EXERCISE INSTRUCTIONS> Write out the entries exactly, pictures excluded.

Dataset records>
#####

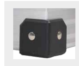
Kunststoff-Ecken in schwarz
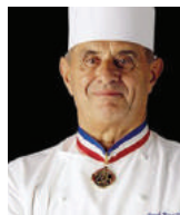
PAUL BOCUSE Rest. PAUL BOCUSE France
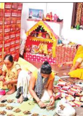
गोमय पूजन किट बनाती महिलाएं।
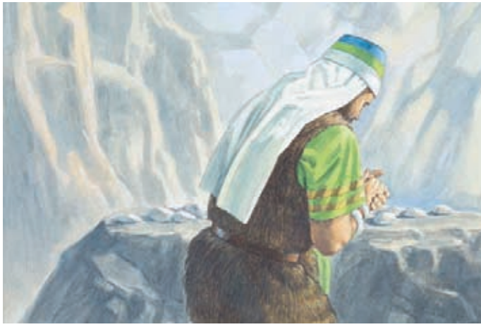
雅列的哥哥求主觸摸石子，讓它們在平底船裡發光。 以帖書3：4
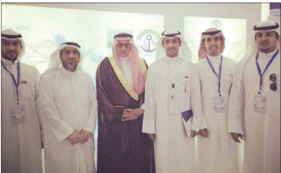
عدد من المهندسين المشاركين مع ممثل راعي المؤتمر

والمنظمات الهندسية المشاركة في المؤتمر. وأوضح النكاس أن ممثلي المهندسين البحرين شاركوا في إقرار ومناقشة توصيات المؤتمر التي تمثلت في إقرار عقد هذا المؤتمر بشكل دوري (كل عامين)، والعمل على تكثيف برنامج التأهيل والتدريب لرفع كفاءة العاملين في الشركات العاملة في مجال المنصات البحرية، ودعم عمليات البحث العلمي التطبيقي، وتوفير المواد المالية اللازمة له.
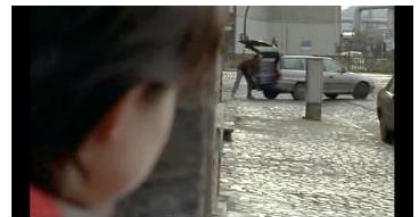
Figure 24. Rosetta
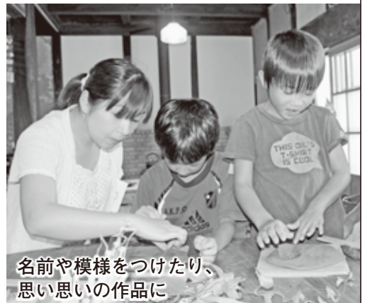
名前や模様をつけたり、思い思いの作品に
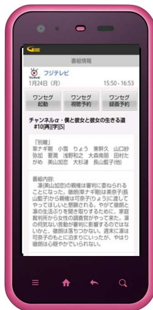
ワンセグとも連携
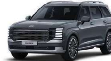
Ectronic Grey Pearl
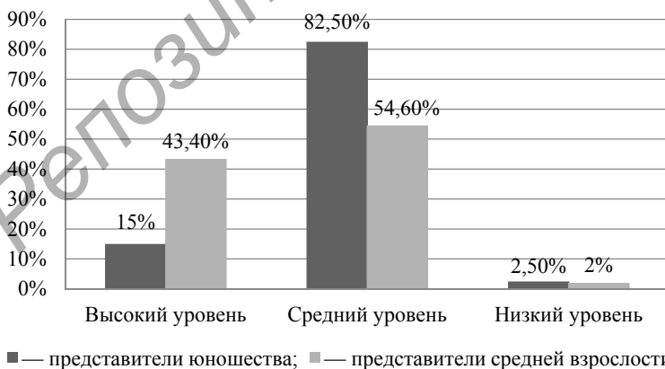
Рисунок 2 — Представленность мотивационного компонента гражданской идентичности у юношей и представителей средней взрослости

Результаты по той же шкале представителей средней взрослости расположились следующим образом: у большинства представителей средней взрослости диагностируется средний уровень выраженности «мотивационного компонента» 54,6 %. Высокий уровень выраженности мотивационного компонента составляет 43,4 %, низкий уровень — у 2 %.
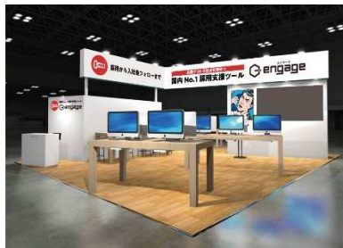
※『engage』出展ブースイメージ
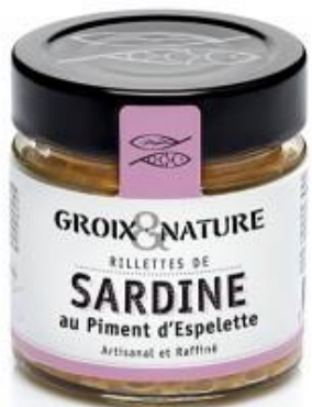
Rillettes de sardine au piment d'Espelette
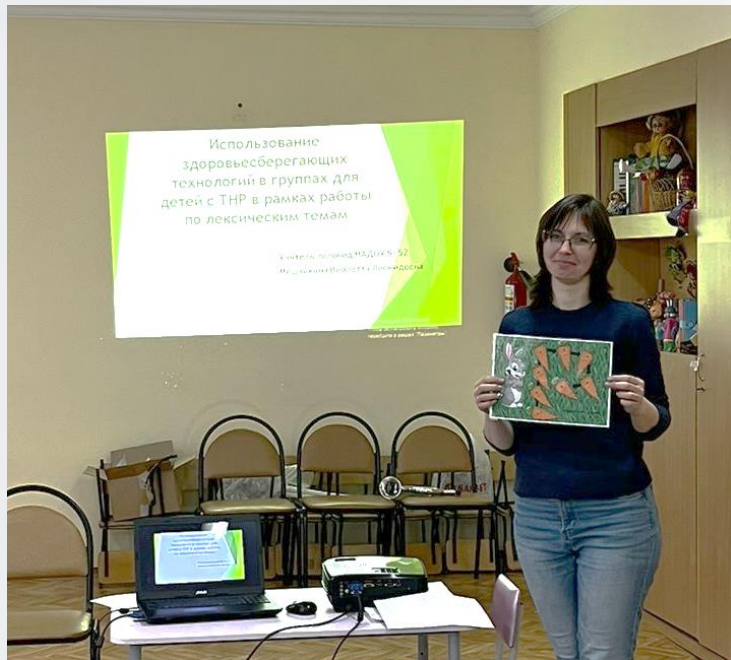
Практическая лаборатория «Твори добро»
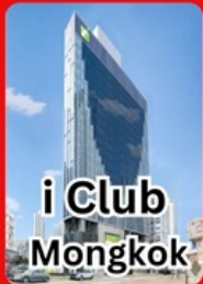
i Club Mongkok

คอนเฟิร์มเดินทาง พ.ย.67 1-3 / 8-10 / 15-17 / 22-24 พัก 4 ดาวย่านช้อปปิ้ง i CLUB MONGKOK
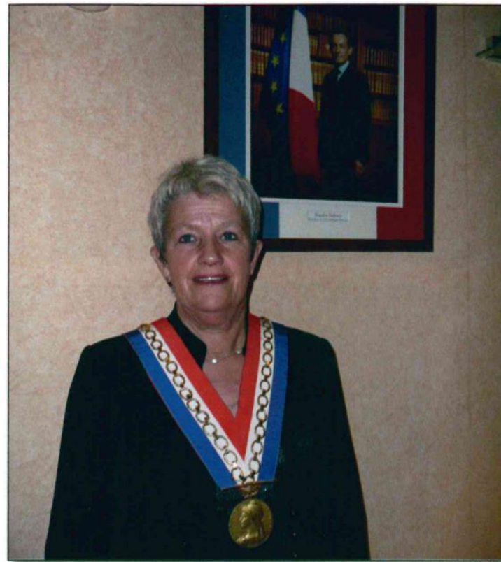
Dernière pause avant le départ.
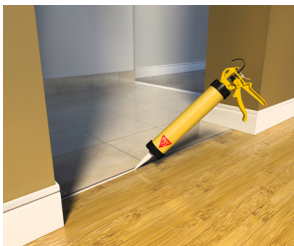
ใช้ยาแนวรอยต่อระหว่างพื้น

วัสดุยาแนวรอยต่อและติดยึด ประเภทโพลียูรีเทน ส่วนประกอบเดียว มีความยืดหยุ่น ยึดเกาะได้ดีกับพื้นผิวหลายประเภทใช้ได้ทั้งภายในและภายนอกอาคาร ใช้เป็นกาวสำหรับยึดติดวัสดุต่าง ๆ และใช้เป็นกาวยาแนวรอยต่อ ทั่วไป ทั้งแนวตั้งและแนวนอน สามารถยึดติดได้ดีกับ พื้นผิวคอนกรีต พื้นผิวก่ออิฐ หินเทียม กระเบื้อง เซรามิก ไม้ และ โลหะ
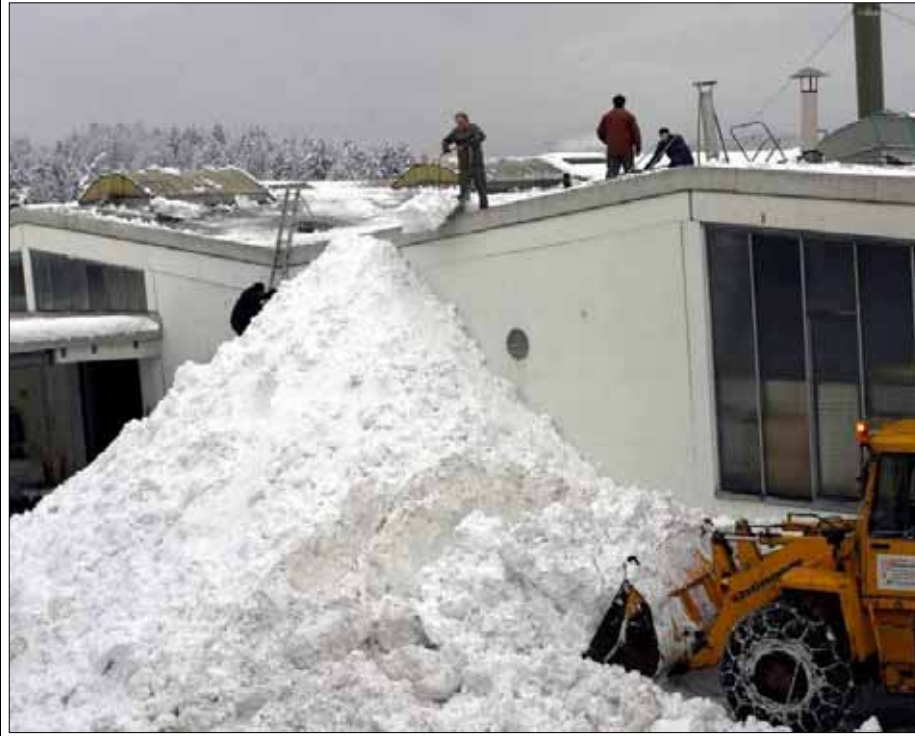
Das Dach der Firma Heyco in Tittling (Lkr. Passau) musste gestern – wie viele andere auch – von den Schneemassen befreit werden. Neben freiwilligen Helfern und Feuerwehrleuten waren auch Soldaten in den betroffenen Landkreisen im Schnee-Einsatz.

Schneemassen bedrohen Gebäude in Passau, Deggendorf, Freyung-Grafenau und Regen – Bundeswehr im Einsatz
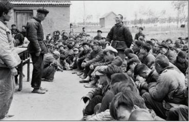
“四清运动”运动预演“文革”，逼死干部群众七万多人。
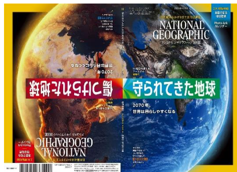
2020年4月号 創刊25周年記念号

■通巻300号 2020年3月号 <創刊300号記念 特製付録> 特別定価：1210円（税込）
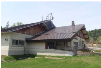
博物展示施設 (勇駒別)
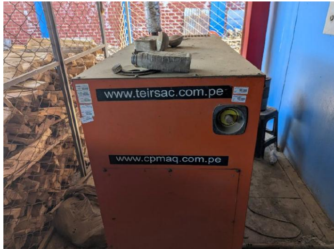
Vista General del grupo
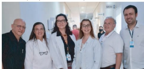
Equipe assistencial envolvida nas avaliações cirúrgicas
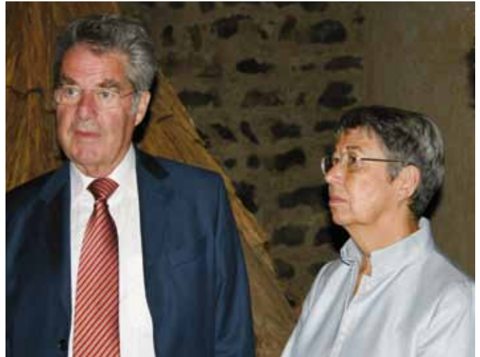
Das Präsidentenpaar war von der Ausstellung beeindruckt
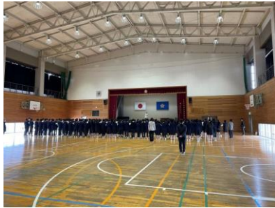
1年合唱練習 3年生を送る会に向けて 合唱練習をしました
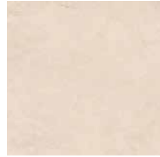
Crosscut Light greige / Açık grej
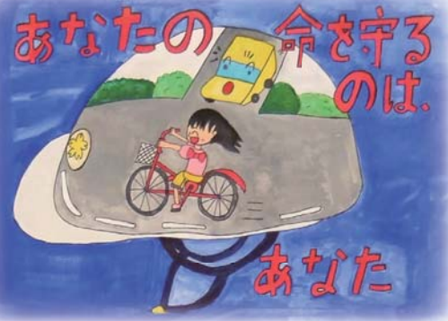
平成23年度 鈴鹿市交通安全図画ポスター入賞作品
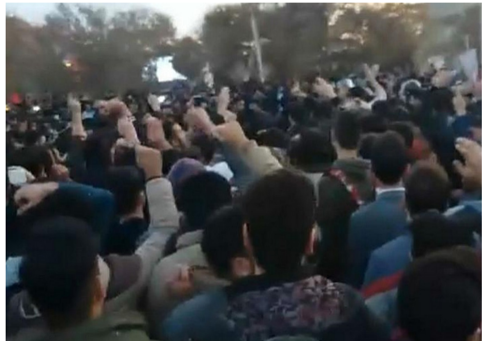
berbirûyê xelkê nerazî bikin.
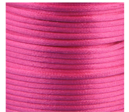
Ciclamino - 16
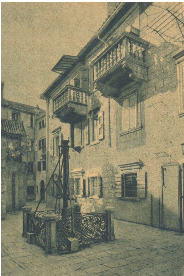
Slika 75. Nekadašnji izgled jugozapadne strane palate Lombardić, sa pogledom na česmu „Karampana“

Zgrada se pripisuje porodici Lombardić, čiji su vlasnici, kao ugledni trgovci, posjedovali palatu već u prvoj polovini XIX vijeka, tako da se prema datumu vlasništva i gradnje palate pretpostavlja da je zgrada izvorno bila u vlasništvu neke druge porodice, nama nepoznate, na što ukazuje popis stanovništva grada Kotora iz 1784. u kome se ne pominju Lombardići kao porodica naseljena u Kotoru.
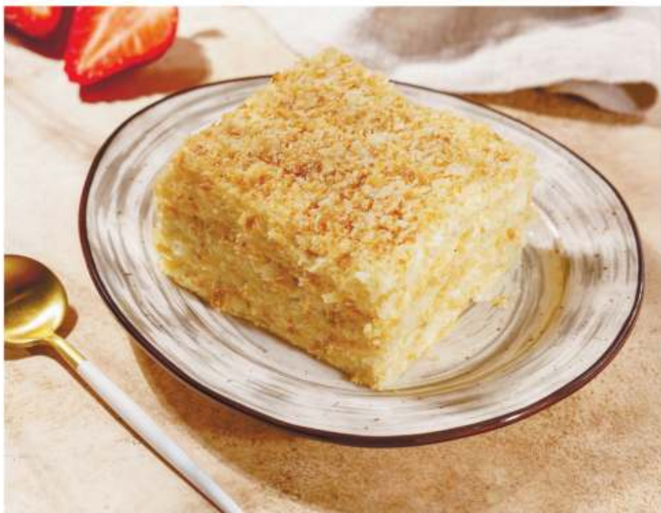
Торт Наполеон.....200г 290P
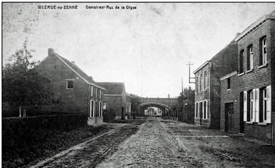
Foto genomen omstreeks 1930 van de Damstraat te Weerde toen nog Weerde-op-Zenne genoemd.

Wanneer men onder de spoorwegbrug kijkt bemerkt men in de verte het kapelletje van Onze-Lieve-Vrouw. Het stond op de hoek van de Damstraat en de Heidestraat. Er stonden drie in boogvorm aangeplante en gesnoeide bomen die als het ware een haag vormden. In het midden van de haag stond het beeldje.
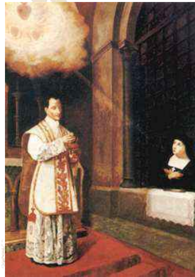
San Claudio y Sta. Margarita: Dos corazones unidos en el de Jesús. Sobre sus restos mortales. Esta oleo esta sobre sus restos mortales en su iglesia en Paray le Monial.

En realidad, se trataba de un designio de Dios para ponerle en contacto con un alma que necesitaba de su ayuda: Margarita
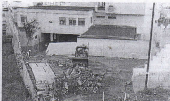
Estado del patio interior del CEIP Rosalía de Castro.

El Rosalía de Castro fue uno de los centros afectados por el fuerte viento de Poniente del pasado fin de semana, que también derribó dos depósitos de agua sobre el patio del colegio de las Adoratrices sin daños personales.
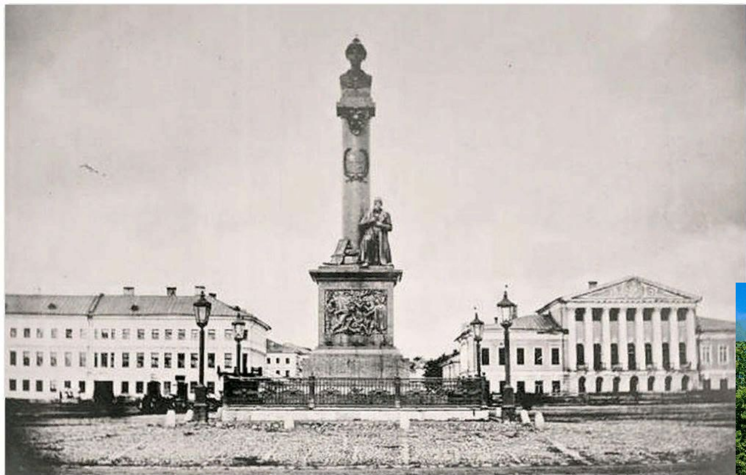
Памятникъ царю Михаилу Федоровичу и гражданину Ивану Сусанину въ Костромѣ.
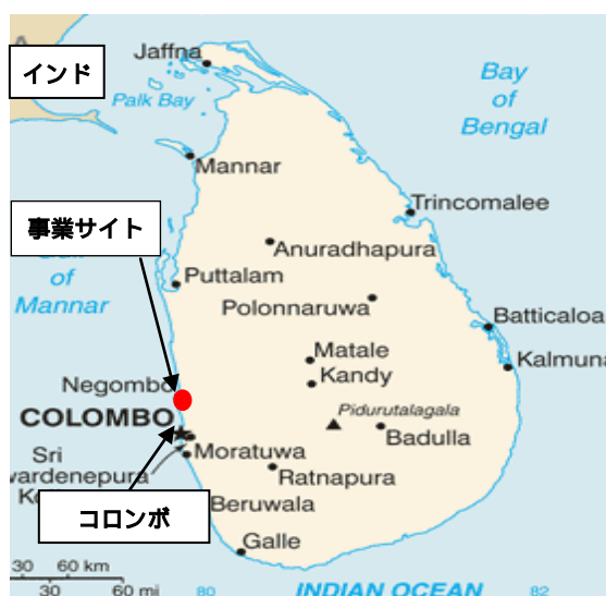
プロジェクト位置図
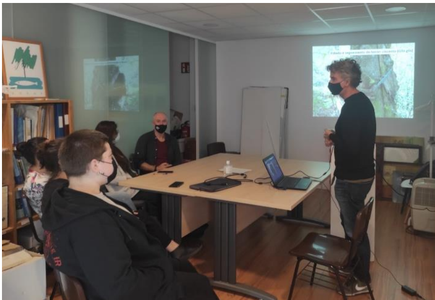
Imaxe do curso de formación
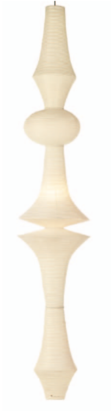
Akari E 2950 x 480 x 480 mm Art. 201 527 01
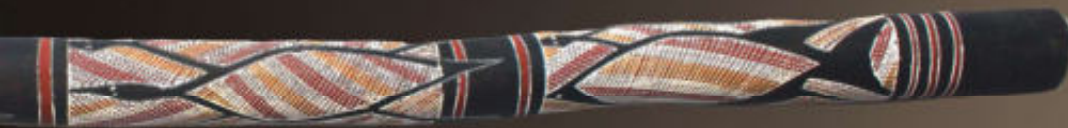
De Mago van Mickey Hall uit de omgeving van Beswick (Zuidwest-Arnhemland), verzameld rond 2000, lengte 130 cm.
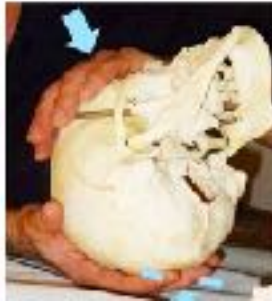
Figura 11 - Tecnica di espansione della base (seno sfeno petroso e tentorio del cervelletto)
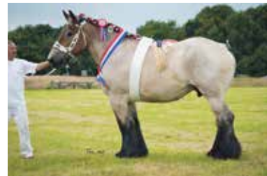
Het paard Gemma dat door de Harenaar is verkocht aan de Italiaanse zanger
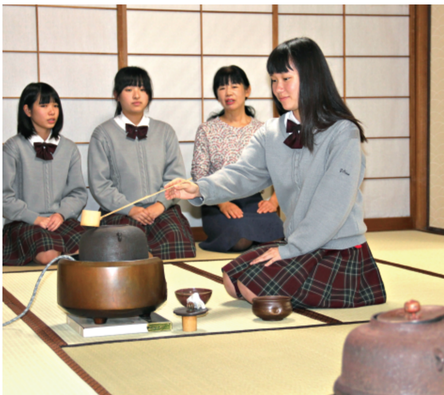
「稽古が週1回しかないの、細かい作法を忘れてしまう」が、手順を思い出しながら仲間に茶をたてる

#####

RESULT OF THIS EXERCISE>
Kunststoff-Ecken in schwarz
PAUL BOCUSE Rest. PAUL BOCUSE France
गोमय पूजन किट बनाती महिलाएं।
雅列的哥哥求主觸摸石子，讓它們在平底船裡發光。 以帖書3：4
عدد من المهندسين المشاركين مع ممثل راعي المؤتمر

والمنظمات الهندسية المشاركة في المؤتمر. وأوضح النكاس أن ممثلي المهندسين البحرين شاركوا في إقرار ومناقشة توصيات المؤتمر التي تمثلت في إقرار عقد هذا المؤتمر بشكل دوري (كل عامين)، والعمل على تكثيف برنامج التأهيل والتدريب لرفع كفاءة العاملين في الشركات العاملة في مجال المنصات البحرية، ودعم عمليات البحث العلمي التطبيقي، وتوفير المواد المالية اللازمة له.
Figure 24. Rosetta
名前や模様をつけたり、思い思いの作品に
ワンセグとも連携
Ectronic Grey Pearl
Рисунок 2 — Представленность мотивационного компонента гражданской идентичности у юношей и представителей средней взрослости

Результаты по той же шкале представителей средней взрослости расположились следующим образом: у большинства представителей средней взрослости диагностируется средний уровень выраженности «мотивационного компонента» 54,6 %. Высокий уровень выраженности мотивационного компонента составляет 43,4 %, низкий уровень — у 2 %.
※『engage』出展ブースイメージ
Rillettes de sardine au piment d'Espelette
Практическая лаборатория «Твори добро»
i Club Mongkok

คอนเฟิร์มเดินทาง พ.ย.67 1-3 / 8-10 / 15-17 / 22-24 พัก 4 ดาวย่านช้อปปิ้ง i CLUB MONGKOK
Dernière pause avant le départ.
ใช้ยาแนวรอยต่อระหว่างพื้น

วัสดุยาแนวรอยต่อและติดยึด ประเภทโพลียูรีเทน ส่วนประกอบเดียว มีความยืดหยุ่น ยึดเกาะได้ดีกับพื้นผิวหลายประเภทใช้ได้ทั้งภายในและภายนอกอาคาร ใช้เป็นกาวสำหรับยึดติดวัสดุต่าง ๆ และใช้เป็นกาวยาแนวรอยต่อ ทั่วไป ทั้งแนวตั้งและแนวนอน สามารถยึดติดได้ดีกับ พื้นผิวคอนกรีต พื้นผิวก่ออิฐ หินเทียม กระเบื้อง เซรามิก ไม้ และ โลหะ
Das Dach der Firma Heyco in Tittling (Lkr. Passau) musste gestern – wie viele andere auch – von den Schneemassen befreit werden. Neben freiwilligen Helfern und Feuerwehrleuten waren auch Soldaten in den betroffenen Landkreisen im Schnee-Einsatz.

Schneemassen bedrohen Gebäude in Passau, Deggendorf, Freyung-Grafenau und Regen – Bundeswehr im Einsatz
“四清运动”运动预演“文革”，逼死干部群众七万多人。
2020年4月号 創刊25周年記念号

■通巻300号 2020年3月号 <創刊300号記念 特製付録> 特別定価：1210円（税込）
博物展示施設 (勇駒別)
Vista General del grupo
Equipe assistencial envolvida nas avaliações cirúrgicas
Das Präsidentenpaar war von der Ausstellung beeindruckt
1年合唱練習 3年生を送る会に向けて 合唱練習をしました
Crosscut Light greige / Açık grej
平成23年度 鈴鹿市交通安全図画ポスター入賞作品
berbirûyê xelkê nerazî bikin.
Ciclamino - 16
Slika 75. Nekadašnji izgled jugozapadne strane palate Lombardić, sa pogledom na česmu „Karampana“

Zgrada se pripisuje porodici Lombardić, čiji su vlasnici, kao ugledni trgovci, posjedovali palatu već u prvoj polovini XIX vijeka, tako da se prema datumu vlasništva i gradnje palate pretpostavlja da je zgrada izvorno bila u vlasništvu neke druge porodice, nama nepoznate, na što ukazuje popis stanovništva grada Kotora iz 1784. u kome se ne pominju Lombardići kao porodica naseljena u Kotoru.
Торт Наполеон.....200г 290P
Foto genomen omstreeks 1930 van de Damstraat te Weerde toen nog Weerde-op-Zenne genoemd.

Wanneer men onder de spoorwegbrug kijkt bemerkt men in de verte het kapelletje van Onze-Lieve-Vrouw. Het stond op de hoek van de Damstraat en de Heidestraat. Er stonden drie in boogvorm aangeplante en gesnoeide bomen die als het ware een haag vormden. In het midden van de haag stond het beeldje.
San Claudio y Sta. Margarita: Dos corazones unidos en el de Jesús. Sobre sus restos mortales. Esta oleo esta sobre sus restos mortales en su iglesia en Paray le Monial.

En realidad, se trataba de un designio de Dios para ponerle en contacto con un alma que necesitaba de su ayuda: Margarita
Estado del patio interior del CEIP Rosalía de Castro.

El Rosalía de Castro fue uno de los centros afectados por el fuerte viento de Poniente del pasado fin de semana, que también derribó dos depósitos de agua sobre el patio del colegio de las Adoratrices sin daños personales.
Памятникъ царю Михаилу Федоровичу и гражданину Ивану Сусанину въ Костромѣ.
プロジェクト位置図
Imaxe do curso de formación
Akari E 2950 x 480 x 480 mm Art. 201 527 01
De Mago van Mickey Hall uit de omgeving van Beswick (Zuidwest-Arnhemland), verzameld rond 2000, lengte 130 cm.
Figura 11 - Tecnica di espansione della base (seno sfeno petroso e tentorio del cervelletto)
Het paard Gemma dat door de Harenaar is verkocht aan de Italiaanse zanger
「稽古が週1回しかないの、細かい作法を忘れてしまう」が、手順を思い出しながら仲間に茶をたてる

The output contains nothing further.